Install MuAPI Agent Skills to generate AI images, videos, and audio directly from coding agents like Claude Code, Cursor, Gemini CLI, and other MCP-compatible tools.

Overview

MuAPI Agent Skills are pre-built, schema-driven shell scripts that give your AI coding agent the ability to generate, edit, and enhance rich media — all from the terminal.

  • Pre-built skills for image, video, audio, effects, and more
  • Dynamic Schema-Driven — scripts auto-resolve the latest models, endpoints, and valid parameters from schema_data.json
  • Direct Media Display — use the --view flag to download and open generated media instantly
  • Local File Support — scripts automatically upload local images, videos, faces, and audio to the MuAPI CDN
  • 100+ AI models — Midjourney v7, Flux Pro, Kling 3.0, Veo3, Suno V5, and more

Quick Start

1. Install Skills

# Install all MuAPI skills via the skills registry
npx skills add SamurAIGPT/Generative-Media-Skills --all

# Or install a specific skill
npx skills add SamurAIGPT/Generative-Media-Skills --skill muapi-media-generation

# List available skills
npx skills add SamurAIGPT/Generative-Media-Skills --list

2. Configure Your API Key

# Get your key at https://muapi.ai/dashboard
bash core/platform/setup.sh --add-key "YOUR_MUAPI_KEY"

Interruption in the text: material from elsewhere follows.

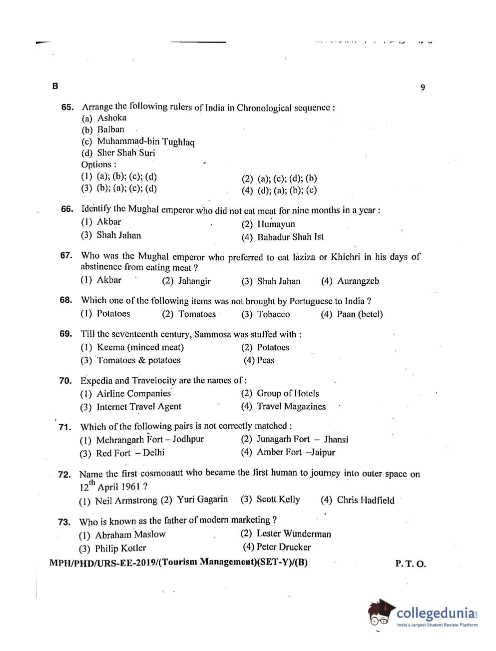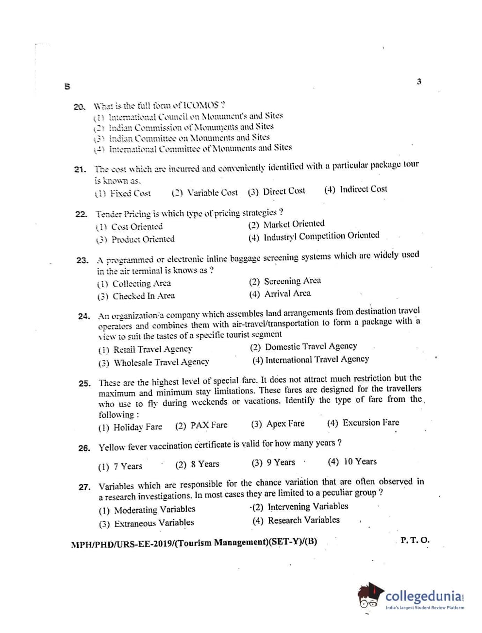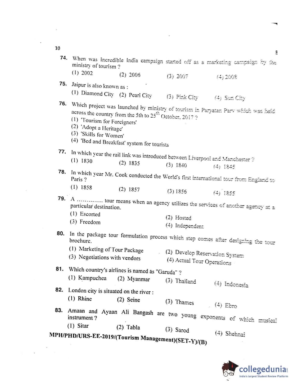 | MDUCEE 2019 Ph.D./M.Phil./URS Tourism Management Set B Question Paper PDF | MDUCEE 2019 Ph.D./M.Phil./URS Tourism Management Set B Answer Key PDF |

3. Generate Your First Image

bash core/media/generate-image.sh \
  --prompt "a cyberpunk cityscape at dusk, neon reflections on rain-slicked streets" \
  --model flux-dev \
  --view

4. Generate Your First Video

bash core/media/generate-video.sh \
  --prompt "A timelapse of a city skyline transitioning from day to night" \
  --model minimax-pro \
  --duration 5 \
  --view

Available Skills

MuAPI Skills are organized into three categories: Generation, Editing & Enhancement, and Platform utilities.

Generation Skills

SkillScriptDescription
Text-to-Imagecore/media/generate-image.shGenerate images from text prompts. Supports Flux Dev, Midjourney v7, and 50+ models.
Text-to-Videocore/media/generate-video.shGenerate videos from text prompts. Supports Minimax Pro, Kling, Veo3, and more.
Image-to-Videocore/media/image-to-video.shAnimate a static image into a video. Supports Kling Pro, Veo3, Runway, and 15+ models.
Music & Audiocore/media/create-music.shCreate music (Suno V5), sound effects (MMAudio), remix, and extend tracks.
File Uploadcore/media/upload.shUpload local files (images, videos, audio) and get a CDN URL for use with other skills.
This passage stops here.